● **GIVEN DATA**
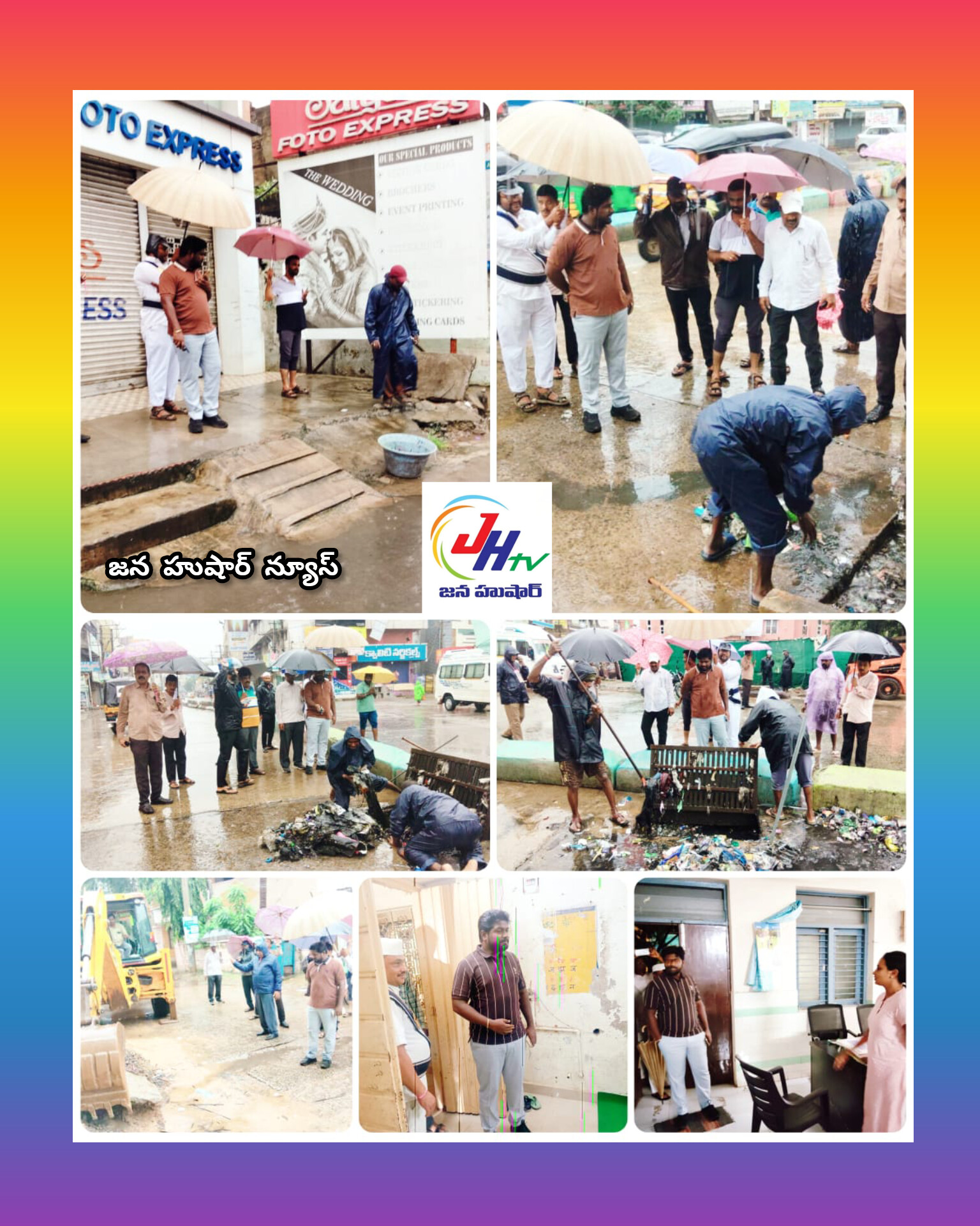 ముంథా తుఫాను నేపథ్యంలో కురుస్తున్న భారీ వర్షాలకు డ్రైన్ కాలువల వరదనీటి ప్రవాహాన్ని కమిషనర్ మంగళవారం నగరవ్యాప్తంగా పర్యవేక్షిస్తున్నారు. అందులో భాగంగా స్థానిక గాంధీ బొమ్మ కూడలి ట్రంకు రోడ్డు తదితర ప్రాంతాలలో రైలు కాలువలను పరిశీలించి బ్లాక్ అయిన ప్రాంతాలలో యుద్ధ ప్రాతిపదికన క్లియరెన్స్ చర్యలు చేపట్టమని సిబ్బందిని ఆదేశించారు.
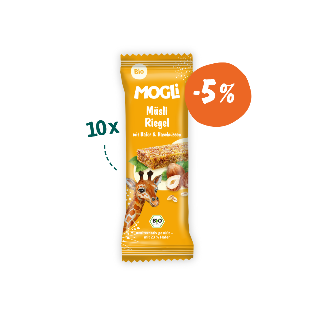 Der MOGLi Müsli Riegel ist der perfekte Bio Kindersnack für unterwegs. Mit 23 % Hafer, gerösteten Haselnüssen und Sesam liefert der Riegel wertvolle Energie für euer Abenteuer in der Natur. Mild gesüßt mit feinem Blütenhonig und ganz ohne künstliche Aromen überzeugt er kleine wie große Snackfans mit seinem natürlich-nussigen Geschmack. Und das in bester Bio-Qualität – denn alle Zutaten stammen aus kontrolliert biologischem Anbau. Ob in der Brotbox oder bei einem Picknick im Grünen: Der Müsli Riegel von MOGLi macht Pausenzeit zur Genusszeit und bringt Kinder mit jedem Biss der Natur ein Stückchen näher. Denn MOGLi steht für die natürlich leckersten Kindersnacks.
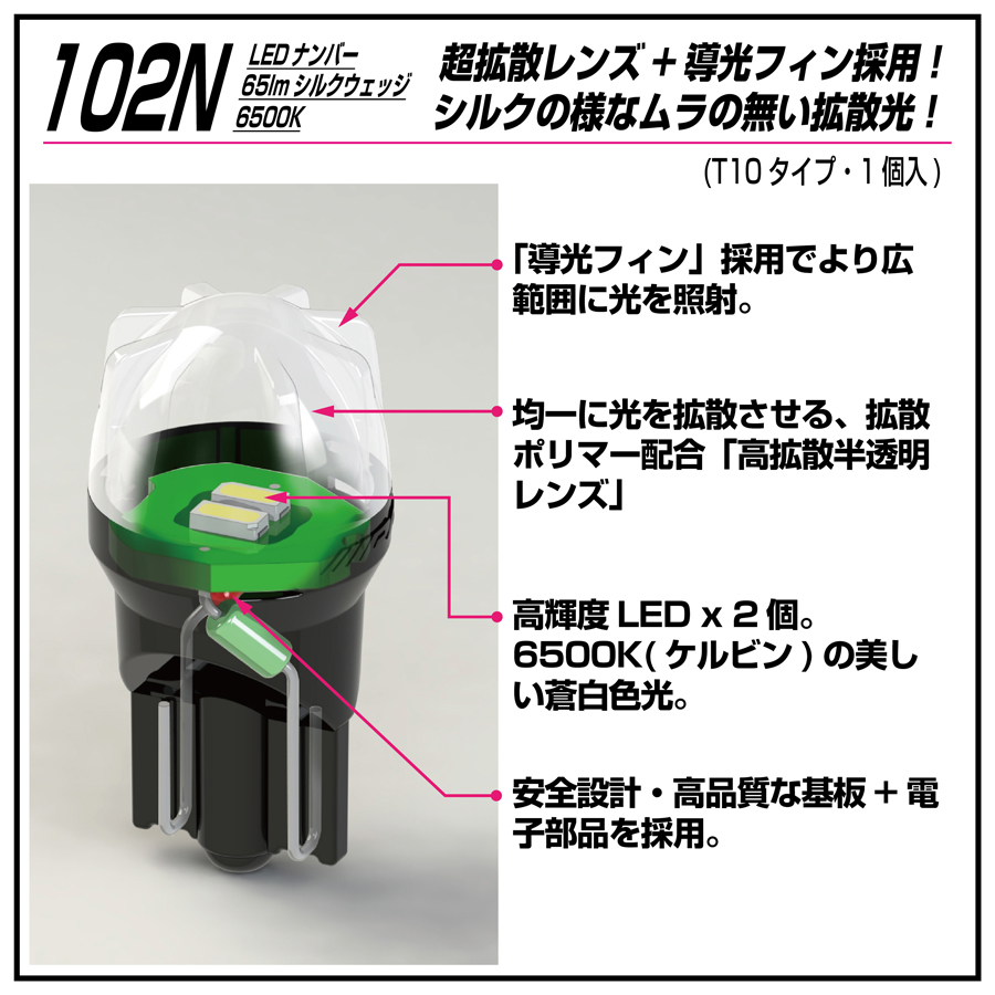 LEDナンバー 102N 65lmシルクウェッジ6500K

==

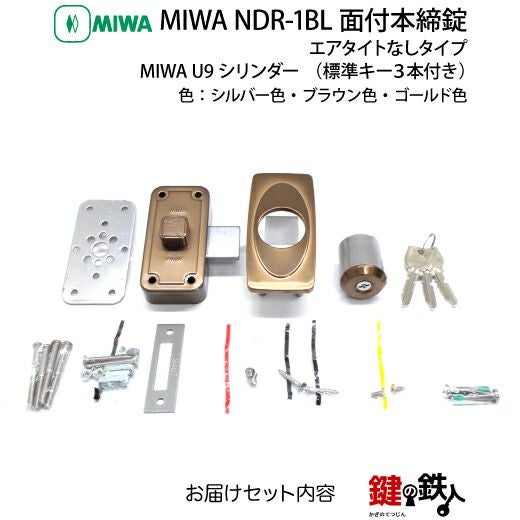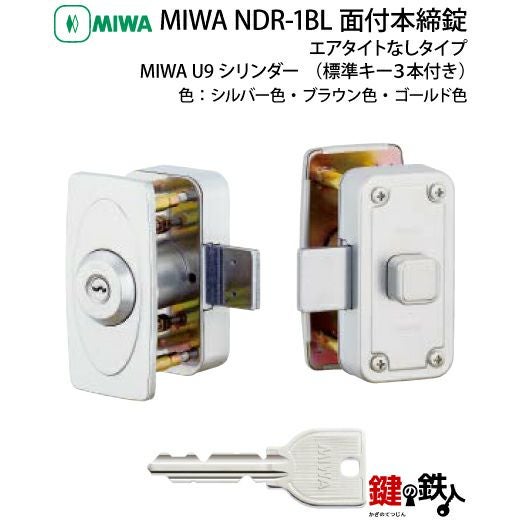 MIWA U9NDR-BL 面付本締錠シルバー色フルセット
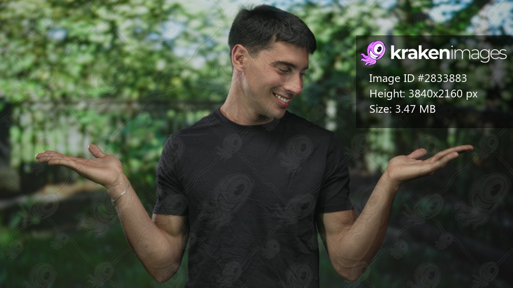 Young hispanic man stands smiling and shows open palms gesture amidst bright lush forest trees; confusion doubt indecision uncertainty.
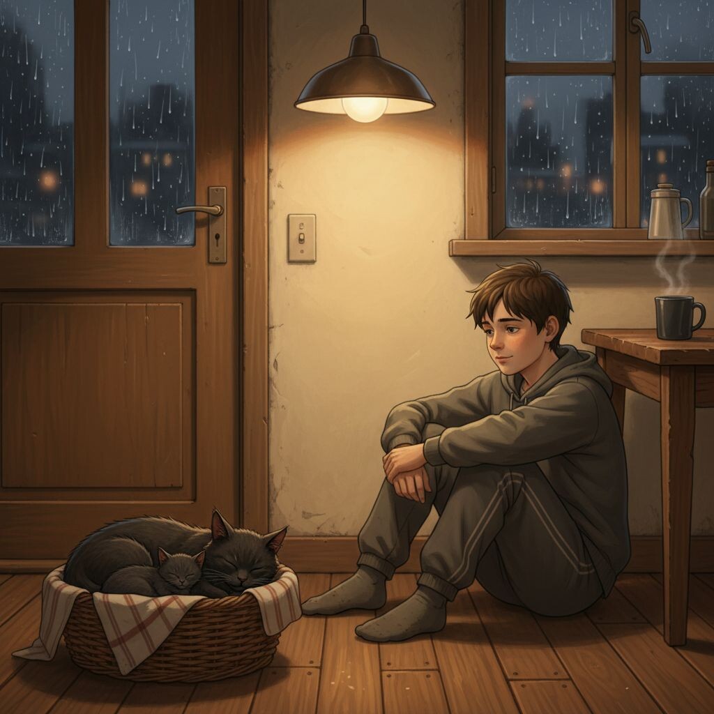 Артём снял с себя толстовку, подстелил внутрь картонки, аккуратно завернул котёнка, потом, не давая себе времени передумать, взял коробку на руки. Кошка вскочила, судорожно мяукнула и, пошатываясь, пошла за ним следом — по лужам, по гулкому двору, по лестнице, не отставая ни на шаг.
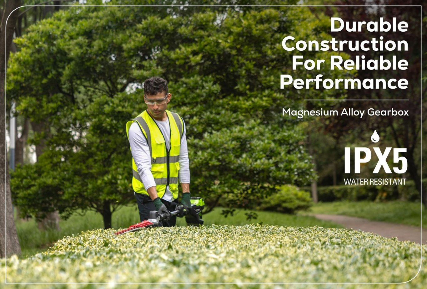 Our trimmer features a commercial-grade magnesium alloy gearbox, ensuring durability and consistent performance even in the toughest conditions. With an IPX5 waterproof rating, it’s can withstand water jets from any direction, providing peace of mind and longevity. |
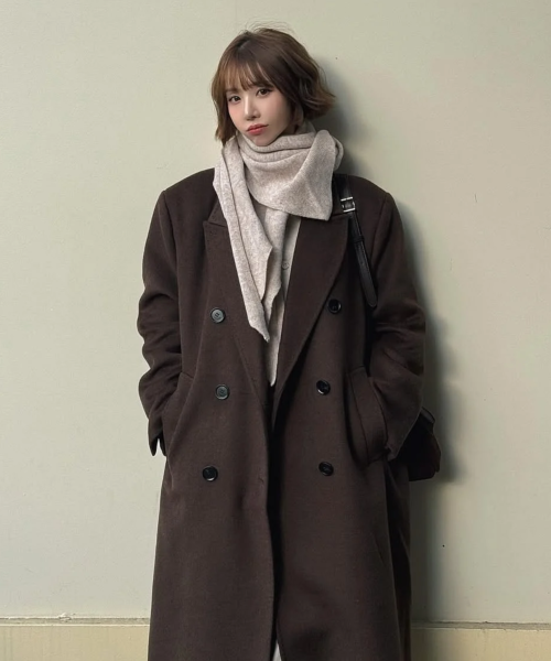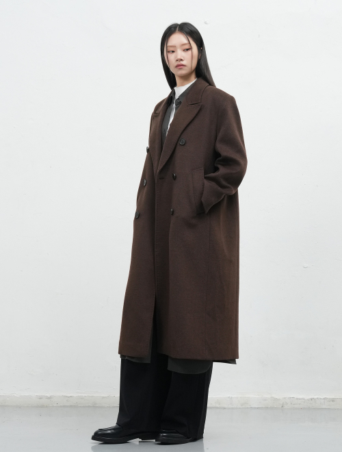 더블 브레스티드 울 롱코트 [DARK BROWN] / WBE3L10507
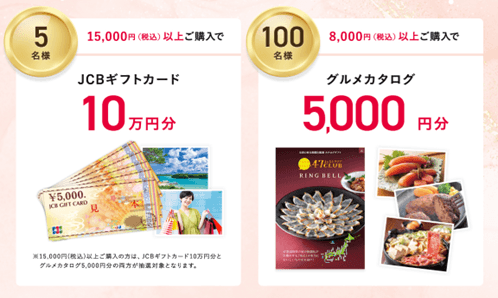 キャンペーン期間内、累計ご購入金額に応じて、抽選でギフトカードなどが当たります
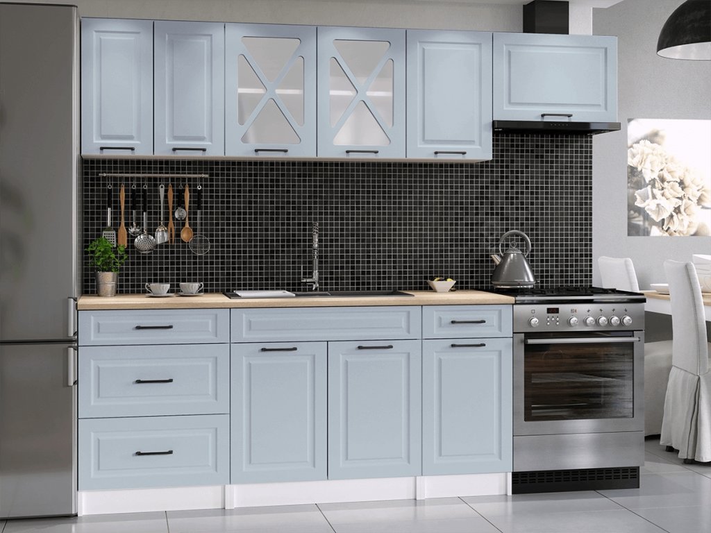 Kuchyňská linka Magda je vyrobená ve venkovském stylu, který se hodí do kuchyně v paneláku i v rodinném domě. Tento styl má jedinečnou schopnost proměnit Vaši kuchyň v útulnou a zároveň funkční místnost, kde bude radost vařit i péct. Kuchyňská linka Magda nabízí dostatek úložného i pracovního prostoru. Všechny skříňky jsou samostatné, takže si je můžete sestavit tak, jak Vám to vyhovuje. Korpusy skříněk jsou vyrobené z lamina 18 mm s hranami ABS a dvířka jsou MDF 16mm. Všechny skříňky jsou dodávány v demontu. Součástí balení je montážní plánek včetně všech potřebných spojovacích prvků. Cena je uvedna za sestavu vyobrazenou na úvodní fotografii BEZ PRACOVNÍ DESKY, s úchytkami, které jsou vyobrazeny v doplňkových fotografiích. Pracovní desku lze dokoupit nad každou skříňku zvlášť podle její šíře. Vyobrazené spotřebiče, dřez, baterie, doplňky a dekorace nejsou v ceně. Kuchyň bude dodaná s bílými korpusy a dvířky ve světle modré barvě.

● **ABOUT THIS TASK**
Please repeat the lines of the material above exactly, starting with the line that contains "더블 브레스티드 울 롱코트 [DARK BROWN] / WBE3L10507" and ending with the line that contains "キャンペーン期間内、累計ご購入金額に応じて、抽選でギフトカードなどが当たります". Leave the pictures out.

● **REPLY TO THE TASK**
 더블 브레스티드 울 롱코트 [DARK BROWN] / WBE3L10507
 キャンペーン期間内、累計ご購入金額に応じて、抽選でギフトカードなどが当たります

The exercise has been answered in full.